EXERCISE DIRECTIONS:
Lines from the one with "<tr> <td><%# Item.Id" up to and including the one with "vegetables before juicing." are to be copied exactly from the records below, without their pictures.

PROVIDED RECORDS:
☆ ☆ ☆ ☆ ☆

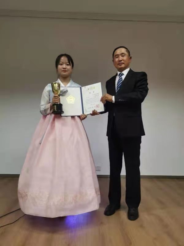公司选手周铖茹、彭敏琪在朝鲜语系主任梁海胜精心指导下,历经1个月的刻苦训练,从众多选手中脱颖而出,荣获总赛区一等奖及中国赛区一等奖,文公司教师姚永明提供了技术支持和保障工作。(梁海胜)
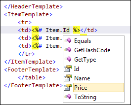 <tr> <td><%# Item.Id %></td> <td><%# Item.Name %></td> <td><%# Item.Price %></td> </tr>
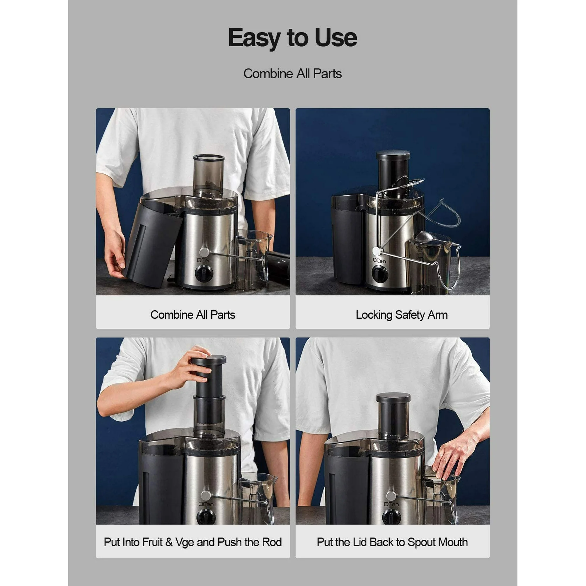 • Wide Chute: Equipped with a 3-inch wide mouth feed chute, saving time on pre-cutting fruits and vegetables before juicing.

☆ ☆ ☆ ☆ ☆

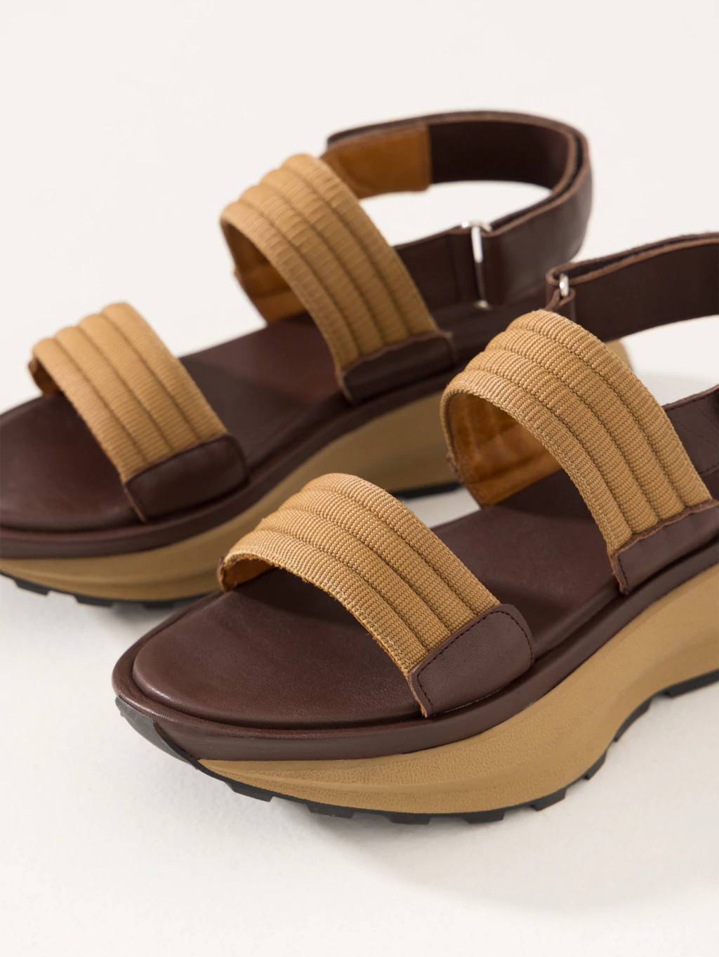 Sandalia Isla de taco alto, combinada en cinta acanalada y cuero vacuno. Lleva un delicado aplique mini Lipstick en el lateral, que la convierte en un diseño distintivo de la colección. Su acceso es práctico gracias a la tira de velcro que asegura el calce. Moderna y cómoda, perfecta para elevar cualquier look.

☆ ☆ ☆ ☆ ☆

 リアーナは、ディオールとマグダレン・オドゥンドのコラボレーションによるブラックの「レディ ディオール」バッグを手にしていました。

☆ ☆ ☆ ☆ ☆

RESPONSE TO THE EXERCISE:
 <tr> <td><%# Item.Id %></td> <td><%# Item.Name %></td> <td><%# Item.Price %></td> </tr>
 • Wide Chute: Equipped with a 3-inch wide mouth feed chute, saving time on pre-cutting fruits and vegetables before juicing.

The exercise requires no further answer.